The combination of real-life incident and artistic manipulation is, for Deren, the essence of cinema. In her essay "Cinematography: The Creative Use of Reality" she argues that photography and cinema is the art of the "controlled accident," the "delicate balance" between spontaneity and deliberate design in art. Deren further extends the notion of the controlled accident to include those formal properties—slow-motion, negative images, disjunctive editing—that shape and alter the images of real life provided by the film camera.
     
Deren's other films are the Meshes -like Ritual in Transfigured Time (1946), the dance film Meditation on Violence (1948), and The Very Eye of Night (1958). In 1946 Deren divorced Alexander Hammid. In the late 1940s she became passionately interested in Haitian religion and dance, and traveled three times to Haiti to do research that resulted in the book Divine Horsemen: The Voodoo Gods of Haiti (1953) and hours of footage of Haitian rituals (some of which was edited into the video release Divine Horsemen ).

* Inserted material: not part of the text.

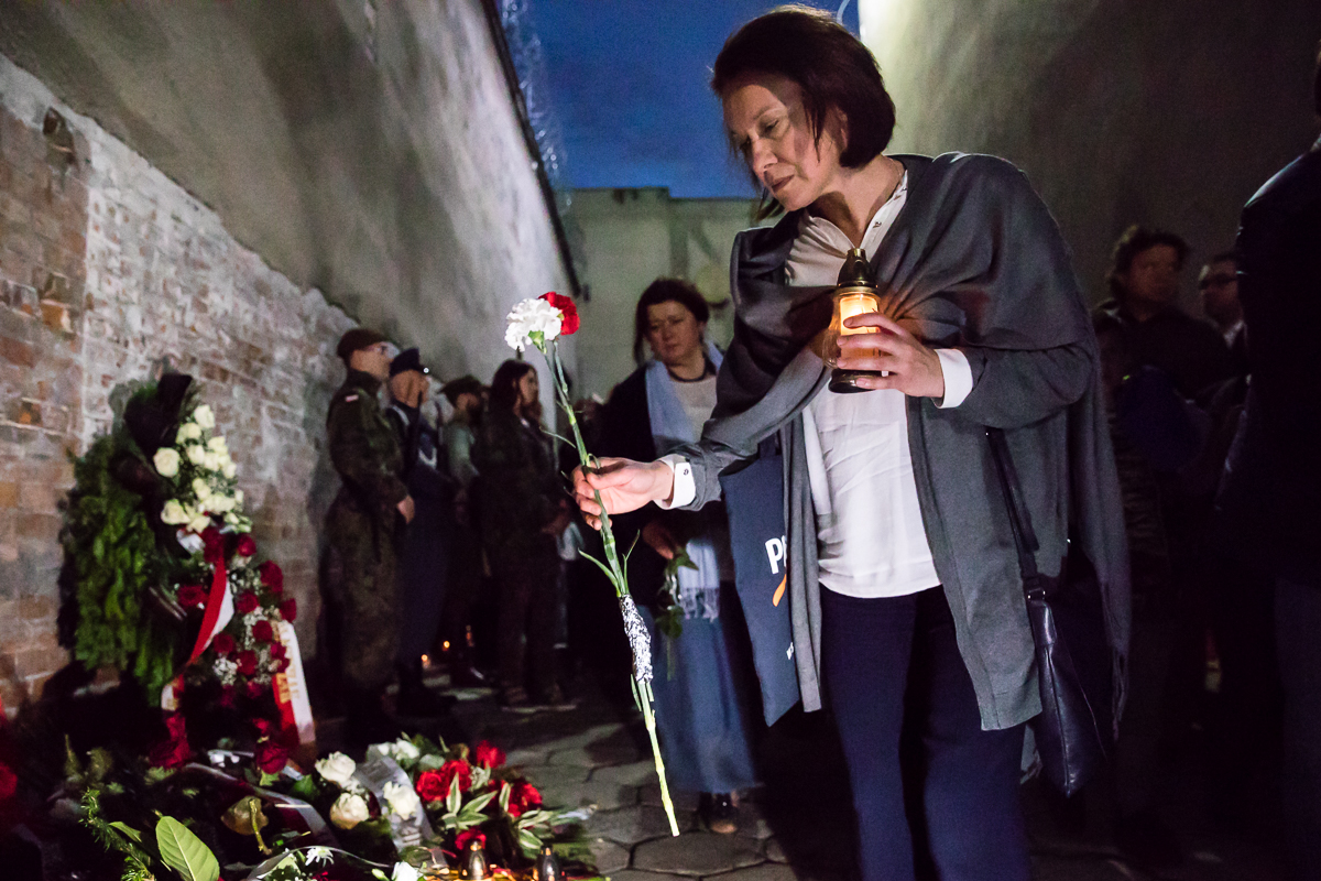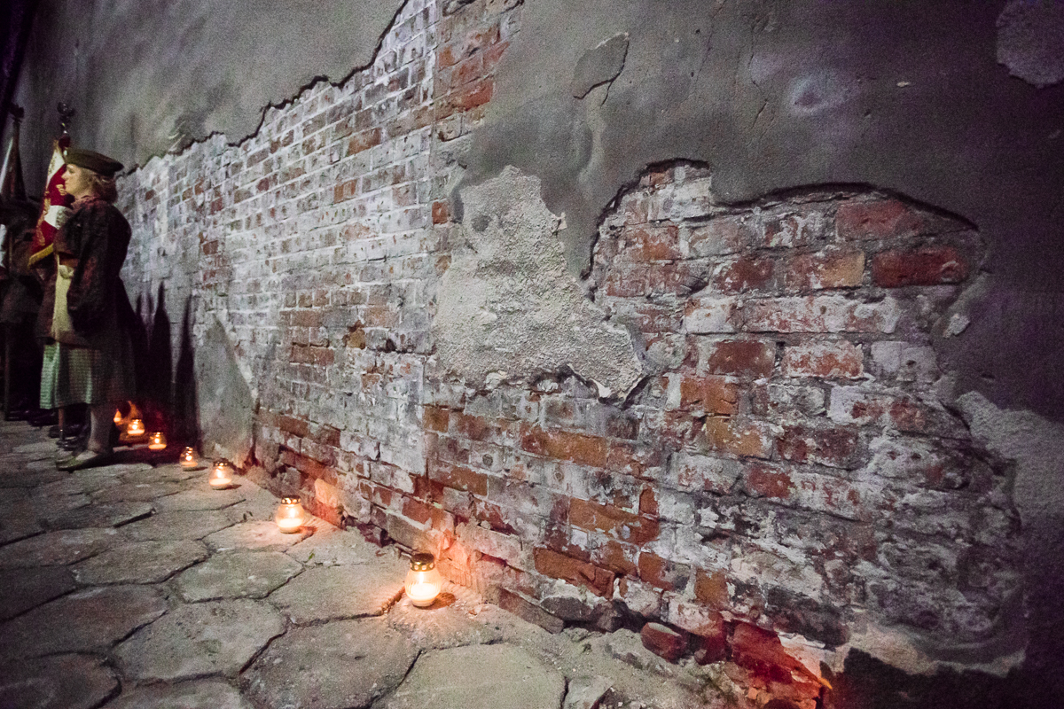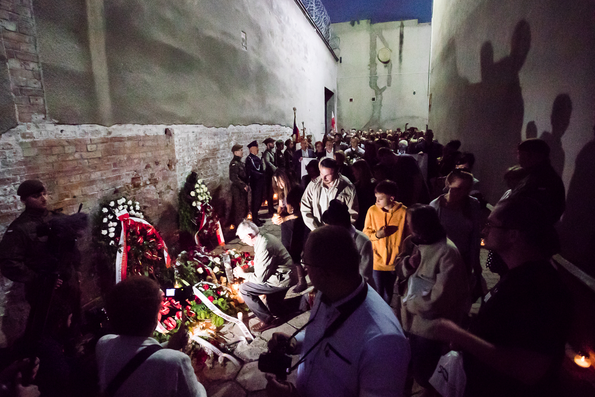 Najbardziej uroczystą część obchodów rozpoczęło wspólne przejście uczestników pod ścianę straceń. O godz. 21:30 oddano hołd Rotmistrzowi – w godzinę jego śmierci.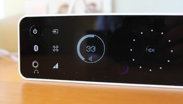 Eigenlijk is de bedienings-/versterkingsunit best onhandig op een bureau, omdat deze redelijk wat plek inneemt. Gelukkig is het mogelijk het paneel verticaal op de bijgeleverde standaard te plaatsen, waardoor dit minder ruimte inneemt. Het schermpje draait mee, waardoor alle informatie ook verticaal af te lezen is. De knoppen zijn echter gericht op horizontaal gebruik, maar dit is verder niet hinderlijk. Het is wel jammer dat het display te klein is om informatie te tonen over de muziek die je luistert. Nu is de scherminformatie beperkt tot het volumeniveau en welke bron er actief is.

Deren became a legend in New York City's Greenwich Village, both for her practice of voodoo and for the assistance she provided to younger experimental filmmakers. The Creative Film Foundation (CFF) was founded by Deren to provide financial help to struggling filmmakers; Stan Brakhage, Stan Vanderbeek, Robert Breer, Shirley Clarke, and Carmen D'Avino received CFF grants.

 

RECOMMENDED VIEWING

         
Meshes of the Afternoon (1943), At Land (1944), A Study in Choreography for Camera (1945), Ritual in Transfigured Time (1946), Meditation on Violence (1948)

 

FURTHER READING


Clark, VeVe, Millicent Hodson, and Catrina Neiman. The Legend of Maya Deren: A Documentary Biography and Collected Works , vol. 1, part 1: Signatures (1917–42) . New York: Anthology Film Archives/Film Culture, 1984.
     
Clark, VeVe, Millicent Hodson, and Catrina Neiman. The Legend of Maya Deren: A Documentary Biography and Collected Works , vol. 1, part 2: Chambers (1942–47) . New York: Anthology Film Archives/Film Culture, 1988.
     
Deren, Maya. "Cinematography: The Creative Use of Reality." Film Theory and Criticism , edited by Leo Braudy and Marshall Cohen, 187–198. New York: Oxford University Press, 2004.
     
Nichols, Bill, ed. Maya Deren and the American Avant-Garde . Berkeley: University of California Press, 2001.